On October 8, I was eating lunch with some British soldiers in Basra. I didn’t know any of them, but could tell they were veterans by their eyes and the way they talked. They were quiet, professional, and exceptionally polite. Sitting in front of me was one young soldier who in particular radiated a special kind of character. I didn’t know his name at the time, but later learned he was William Rigby. When I asked William how his parents were, he said, simply, “fine.” But when he learned I am a writer, he began talking. He said he wanted to make sure that I took the time to report what was happening in Basra.
Red marks the spot: the dots show mortar attacks at the Palace for a single day.

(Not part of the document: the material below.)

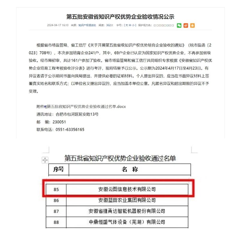 近日,安徽省市场监督管理局公布了第五批安徽省知识产权优势培育企业验收情况公示。安徽太阳成集团tyc122cc入口信息技术有限公司成功通过验收,获评第五批“安徽省知识产权优势企业”。

Rigby wants to win this war. Having also fought in Afghanistan—where the fight is just getting started—he’s not under any illusion. Although Rigby thinks that a precipitous withdrawal from Basra would be a mistake, he also thinks the decision to pull out of the Palace was wise because the presence of British troops and the re-supply convoys only provoked the local population.
Those paying attention to the war awakened to the reality that Basra had become a battleground. 30mm cannons were regularly belching fire and metal downtown. Rockets and mortars arced through the night while green and orange tracers snapped toward targets, sometimes seeming to make a long slow trip away before striking an object and making a sharp noise in the distance. At nighttime, when tracers fly through dark windows, the burning bullets sometimes ricochet around the room before falling to the floor, casting an eerie, flickering glow on the night vision before the phosphorous burns out.
By British accounts, about 90% of the attacks in Basra were directed against the British. Unlike Diyala Province and other places north, there was no civil war in Basra. Instead, domestic power struggles among tribes, militias and criminal organizations vying for power, all of which, at the end of the day, are best understood as Iraqi problems to be solved by Iraqis.
Earlier this year, the British soldiers clearly realized that the best thing they could do for Basra was to remove themselves from the fray. Basra was a veritable Hatfield-and-McCoy situation; dysfunctionally functioning.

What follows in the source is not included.